> **Given information**:
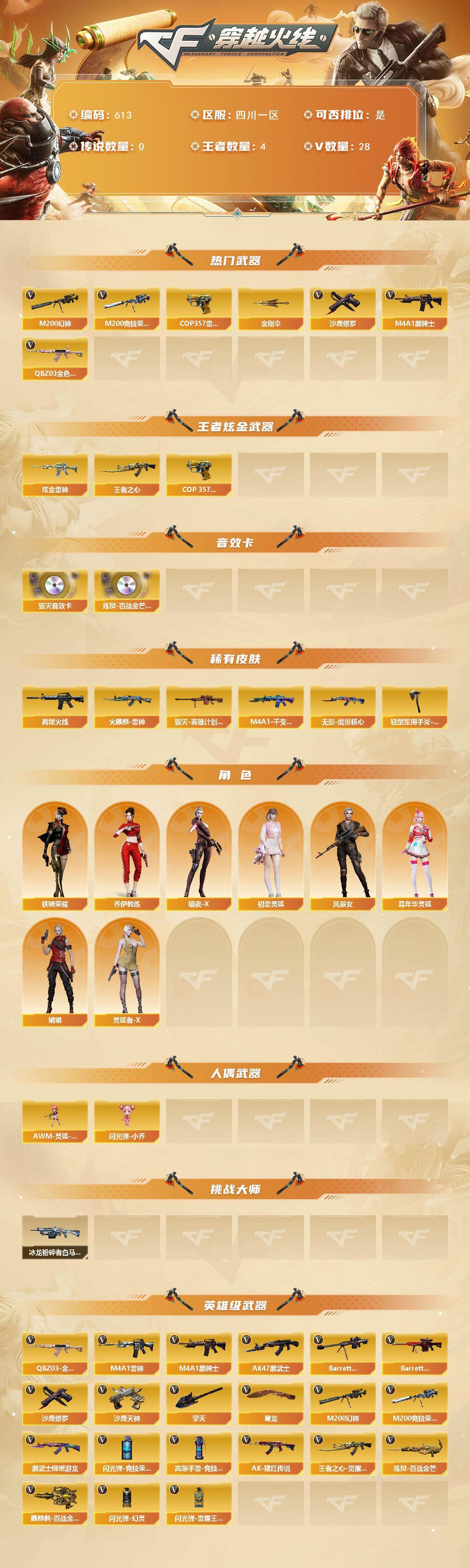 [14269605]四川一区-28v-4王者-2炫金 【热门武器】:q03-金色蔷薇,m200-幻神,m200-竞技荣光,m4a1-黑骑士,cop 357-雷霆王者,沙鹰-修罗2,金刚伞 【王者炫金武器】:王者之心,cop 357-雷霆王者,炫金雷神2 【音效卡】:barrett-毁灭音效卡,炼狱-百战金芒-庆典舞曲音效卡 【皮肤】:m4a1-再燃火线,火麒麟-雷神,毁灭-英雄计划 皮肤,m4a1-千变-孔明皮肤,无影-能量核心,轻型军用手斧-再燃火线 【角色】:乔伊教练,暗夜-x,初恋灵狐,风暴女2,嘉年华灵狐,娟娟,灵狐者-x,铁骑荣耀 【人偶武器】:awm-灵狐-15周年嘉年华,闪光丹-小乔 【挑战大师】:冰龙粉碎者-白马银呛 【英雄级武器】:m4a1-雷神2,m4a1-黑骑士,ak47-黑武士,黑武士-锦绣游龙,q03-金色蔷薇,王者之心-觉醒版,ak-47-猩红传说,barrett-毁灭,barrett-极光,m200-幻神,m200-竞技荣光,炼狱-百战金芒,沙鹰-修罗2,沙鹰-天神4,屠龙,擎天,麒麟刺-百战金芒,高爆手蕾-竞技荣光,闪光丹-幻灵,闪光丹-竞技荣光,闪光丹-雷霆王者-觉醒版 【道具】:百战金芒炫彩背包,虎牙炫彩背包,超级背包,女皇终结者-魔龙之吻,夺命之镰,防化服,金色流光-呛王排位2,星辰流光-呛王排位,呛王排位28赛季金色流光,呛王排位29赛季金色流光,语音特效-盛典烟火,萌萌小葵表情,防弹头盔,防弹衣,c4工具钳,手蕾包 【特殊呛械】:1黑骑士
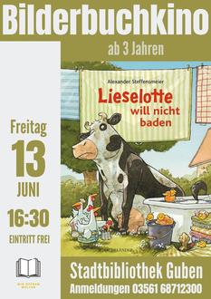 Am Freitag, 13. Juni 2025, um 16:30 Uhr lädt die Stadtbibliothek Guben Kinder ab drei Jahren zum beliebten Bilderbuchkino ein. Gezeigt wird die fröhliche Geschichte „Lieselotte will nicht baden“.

--

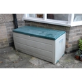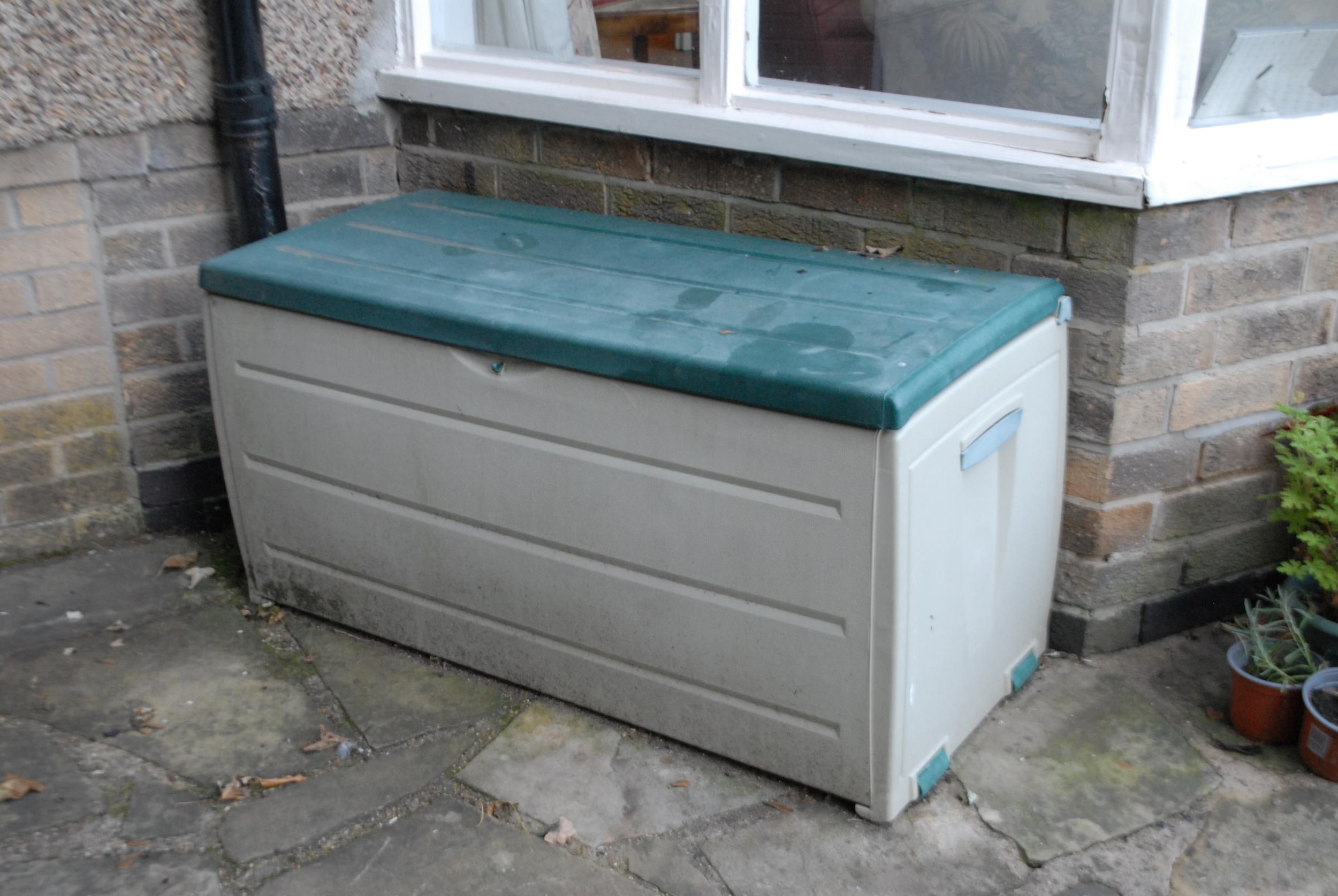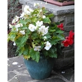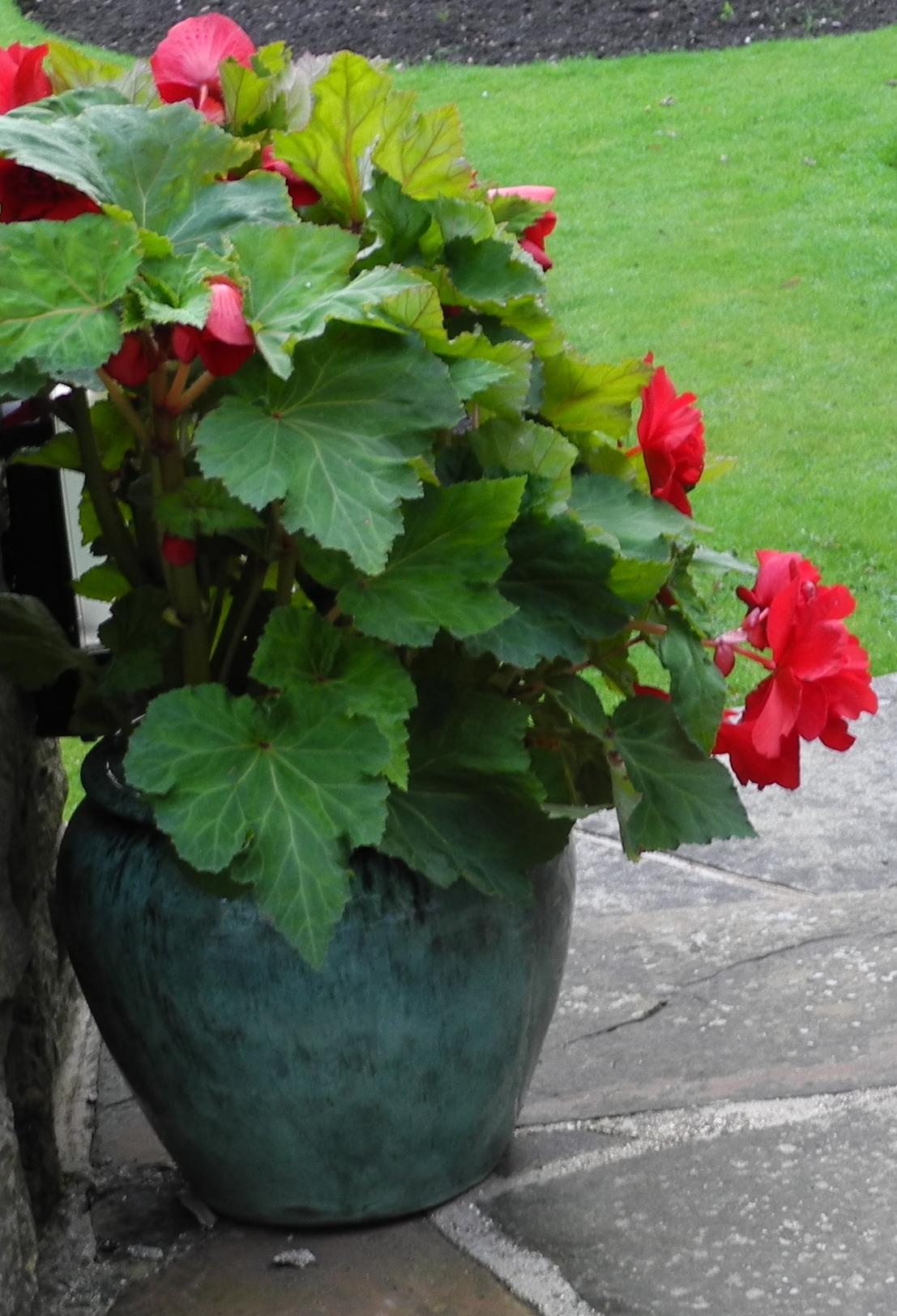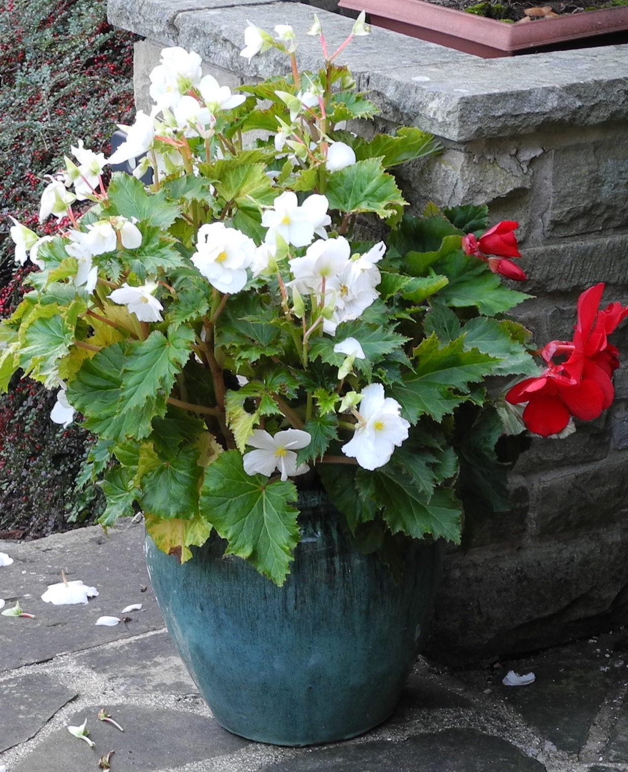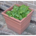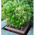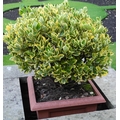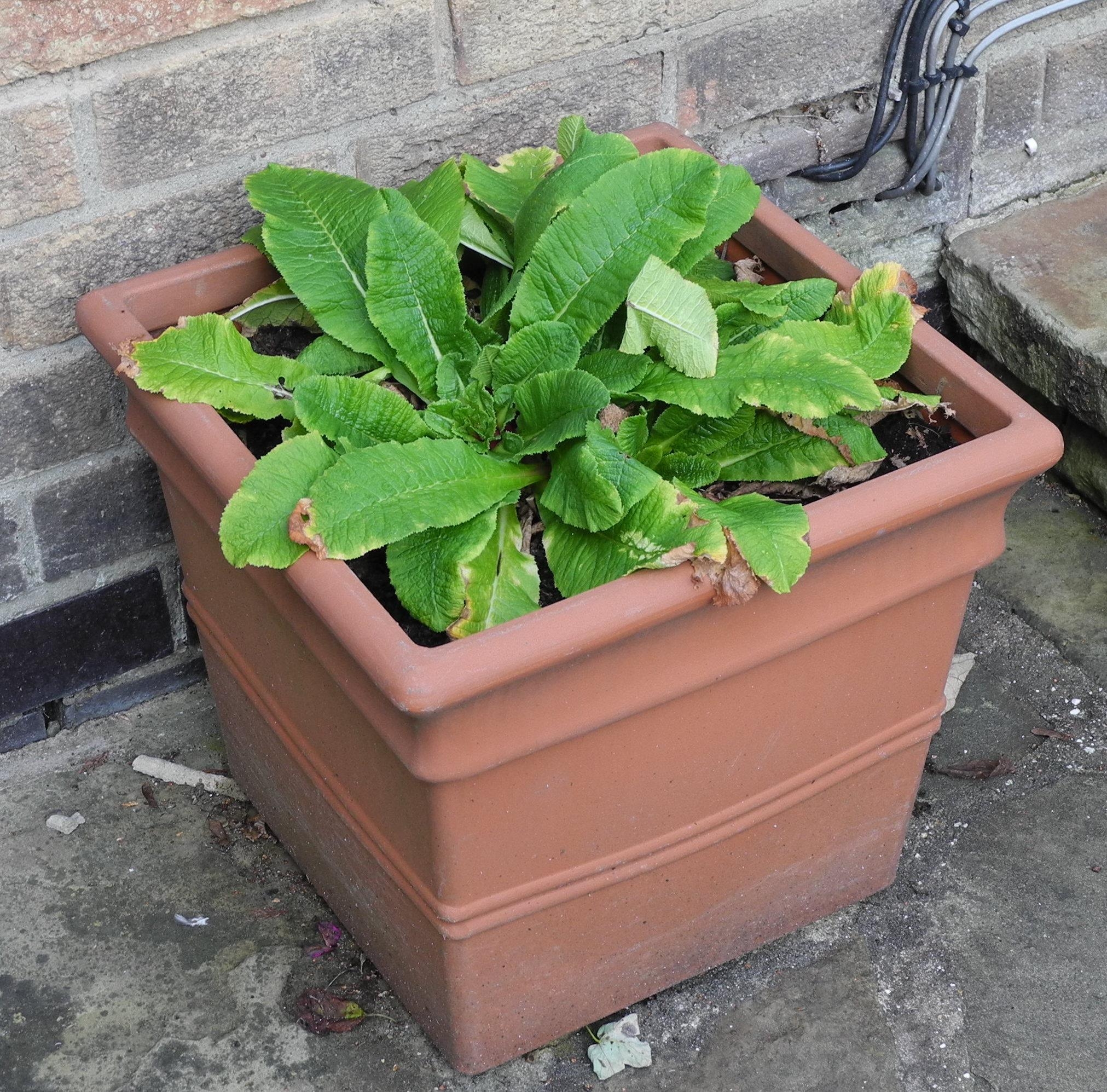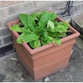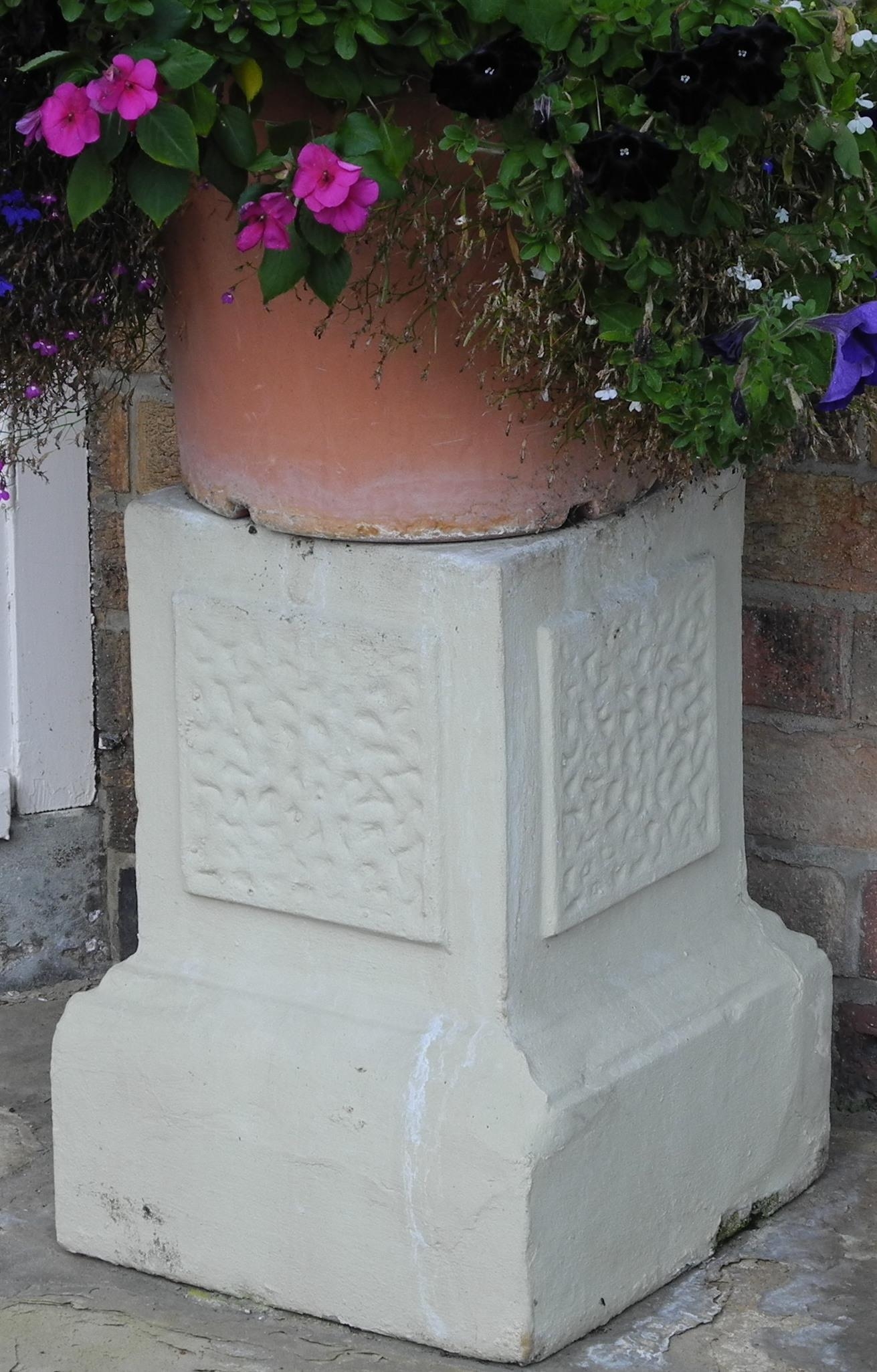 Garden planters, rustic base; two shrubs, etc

> **What this task involves**: Write back word for word every line in the entries above from the one with "357-雷霆王者,沙鹰-修罗2,金刚伞 【王者炫金武器】:王者之心,cop 357-雷霆王者,炫金雷神2" to the one with "Am Freitag, 13.", ends included, and none of the pictures.

> **Final answer**:
 [14269605]四川一区-28v-4王者-2炫金 【热门武器】:q03-金色蔷薇,m200-幻神,m200-竞技荣光,m4a1-黑骑士,cop 357-雷霆王者,沙鹰-修罗2,金刚伞 【王者炫金武器】:王者之心,cop 357-雷霆王者,炫金雷神2 【音效卡】:barrett-毁灭音效卡,炼狱-百战金芒-庆典舞曲音效卡 【皮肤】:m4a1-再燃火线,火麒麟-雷神,毁灭-英雄计划 皮肤,m4a1-千变-孔明皮肤,无影-能量核心,轻型军用手斧-再燃火线 【角色】:乔伊教练,暗夜-x,初恋灵狐,风暴女2,嘉年华灵狐,娟娟,灵狐者-x,铁骑荣耀 【人偶武器】:awm-灵狐-15周年嘉年华,闪光丹-小乔 【挑战大师】:冰龙粉碎者-白马银呛 【英雄级武器】:m4a1-雷神2,m4a1-黑骑士,ak47-黑武士,黑武士-锦绣游龙,q03-金色蔷薇,王者之心-觉醒版,ak-47-猩红传说,barrett-毁灭,barrett-极光,m200-幻神,m200-竞技荣光,炼狱-百战金芒,沙鹰-修罗2,沙鹰-天神4,屠龙,擎天,麒麟刺-百战金芒,高爆手蕾-竞技荣光,闪光丹-幻灵,闪光丹-竞技荣光,闪光丹-雷霆王者-觉醒版 【道具】:百战金芒炫彩背包,虎牙炫彩背包,超级背包,女皇终结者-魔龙之吻,夺命之镰,防化服,金色流光-呛王排位2,星辰流光-呛王排位,呛王排位28赛季金色流光,呛王排位29赛季金色流光,语音特效-盛典烟火,萌萌小葵表情,防弹头盔,防弹衣,c4工具钳,手蕾包 【特殊呛械】:1黑骑士
 Am Freitag, 13. Juni 2025, um 16:30 Uhr lädt die Stadtbibliothek Guben Kinder ab drei Jahren zum beliebten Bilderbuchkino ein. Gezeigt wird die fröhliche Geschichte „Lieselotte will nicht baden“.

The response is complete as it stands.